If the data providers do not have an established pattern for delivery manifests, it is recommended that they implement the STAC Item specification for each item that shares a geometry & timestamp.
Verified Integrity
What
At time of upload, the integrity of the data uploaded should be verified.
How
AWS S3 provides two techniques to achieve verifying the integrity of uploaded objects.
Preferred: Tagged with trailing checksums
From the S3 Docs:
When uploading objects to Amazon S3, you can either provide a precalculated checksum for the object or use an AWS SDK to automatically create trailing checksums on your behalf. If you decide to use a trailing checksum, Amazon S3 automatically generates the checksum by using your specified algorithm and uses it to validate the integrity of the object during upload.

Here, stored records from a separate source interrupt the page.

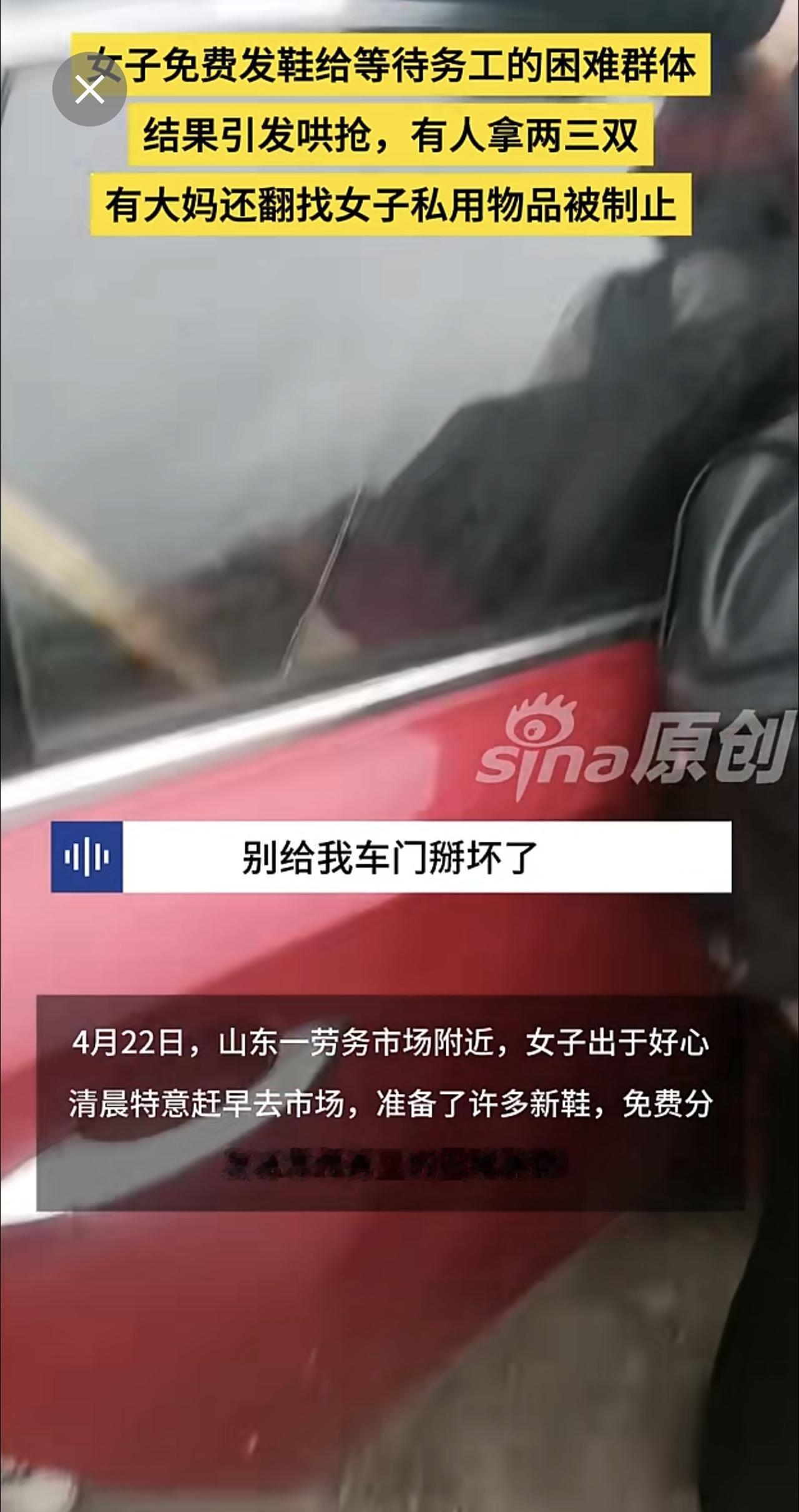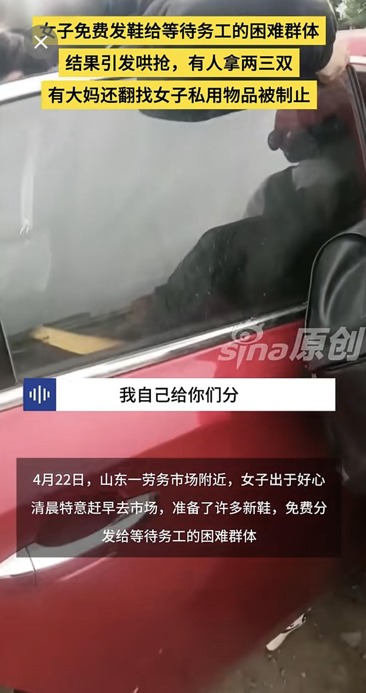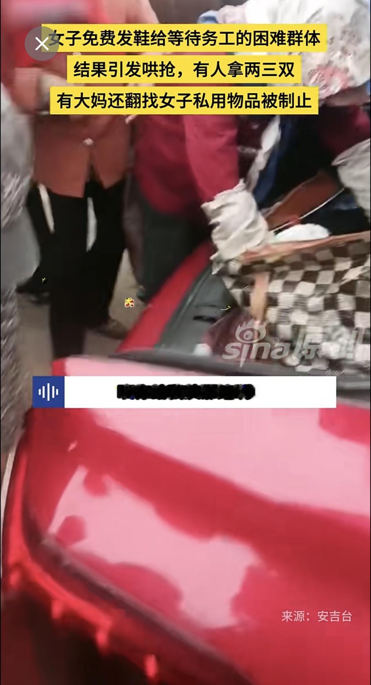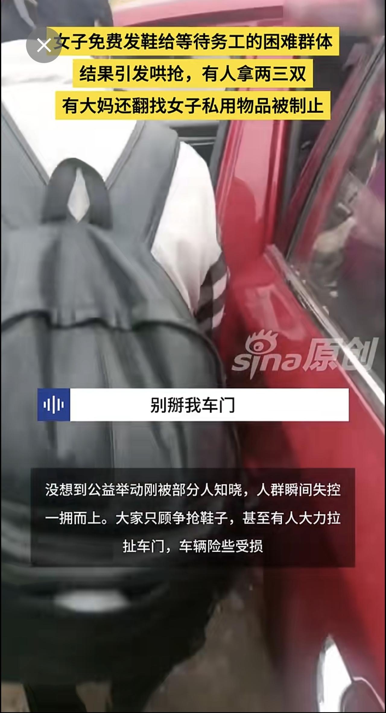 女子免费发鞋给等待务工的困难群体,结果引发哄抢,有人拿两三双,有大妈还翻找女子私
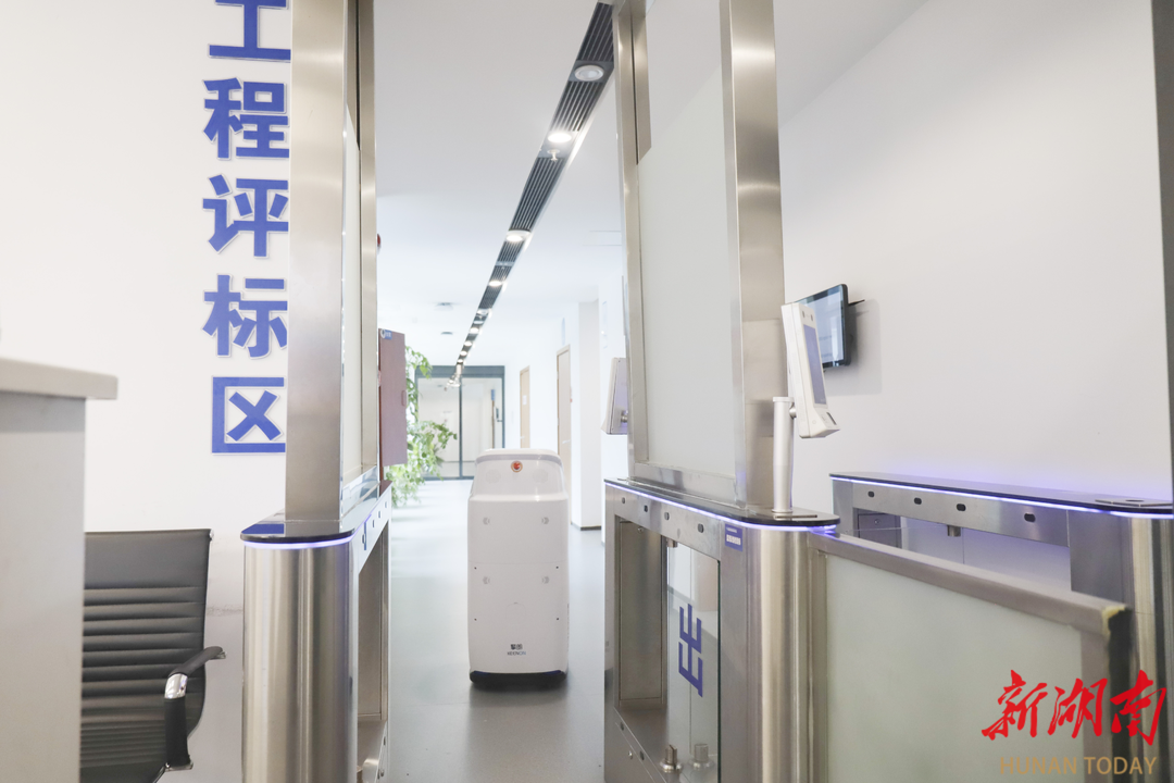 常德市公共资源交易中心内,一台智能送餐机器人有条不紊地穿梭于评标区域。通过与评标区门禁系统的互联互认,该机器人能够根据专家的点餐需求,自动规划路径并控制门禁闸机进入指定区域完成送餐。
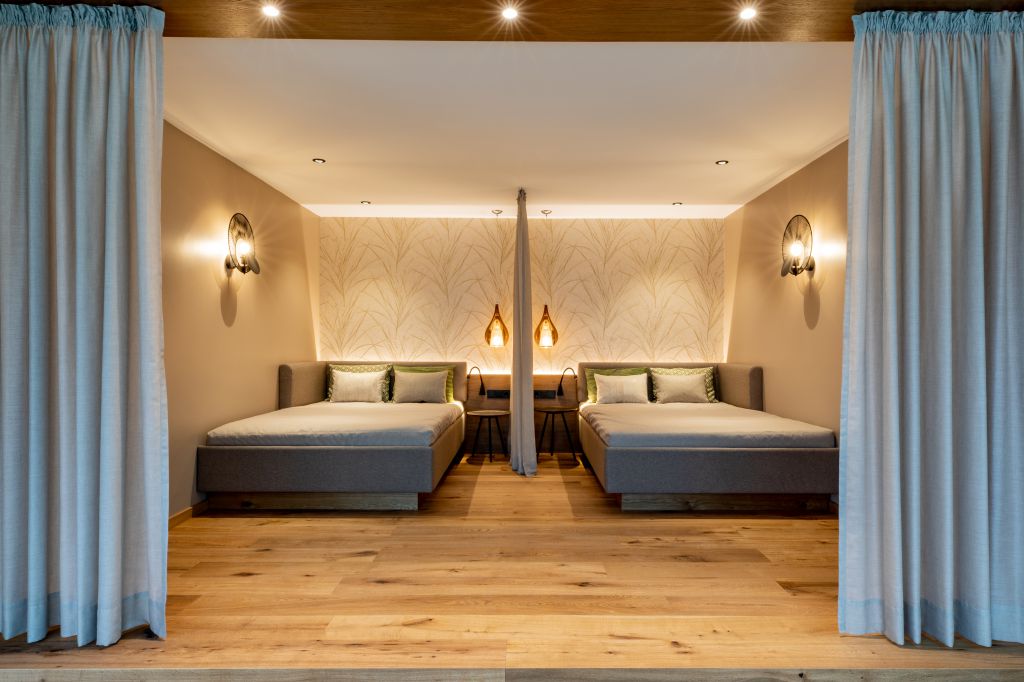 Neben der bereits bestehenden Wellness-Vitalwelt mit Indoor-Pool, Panorama-Whirlpool, Ruhezonen und Badebistro verbringen Erholungssuchende zukünftig ihre Auszeit in einer neuen, privaten Kuschelecke. Auf gemütlichen, durch Vorhänge abgetrennten Betten mit weichen Kissen kommen Gäste zwischen entspannenden Saunagängen und wohltuenden Spa-Behandlungen zur Ruhe. Der Ausblick ins Tal und auf die unberührte Natur des Pfälzerwaldes lädt dabei zum Träumen ein.

AWS' SDKs provide functionality to generate the desired checksum at time of upload.
Example
with open(file_path, "rb") as f:
boto3.client("s3").put_object(
Bucket=bucket_name,
Key=filename,
Body=f,
ChecksumAlgorithm="SHA256",
)
However, if a known checksum is available, it may be preferable to provide that manually.
Example
with open(file_path, "rb") as f:
boto3.client("s3").put_object(
Bucket=bucket_name,
Key=filename,
Body=f,
ChecksumSHA256=checksum,
)
With this technique, S3 objects will contain metadata reporting its checksum. This is available via the get-object-attributes
API endpoint.
Example
r = boto3.client("s3").get_object_attributes(
Bucket=bucket,
Key=key,
ObjectAttributes=['Checksum']
)
print(r['Checksum']['ChecksumSHA256'])
Legacy: Uploaded with Content-MD5
header
From the AWS S3 PutObject API documentation:
To ensure that data is not corrupted traversing the network, use the
Content-MD5
header. When you use this header, Amazon S3 checks the object against the provided MD5 value and, if they do not match, returns an error.
Additional Reading
- [S3 Docs] Checking object integrity
- [AWS Knowledge Center] How can I check the integrity of an object uploaded to Amazon S3?
Prefixed by unique value
What
All files within a delivery should share a unique prefix.
Why
By placing each delivery into a unique prefix, common filenames (e.g. manifest.json
) won't conflict. Additionally, S3 applies rate limits per prefix in the bucket; utilizing a prefix-per-delivery greatly helps avoid hitting rate limit issues.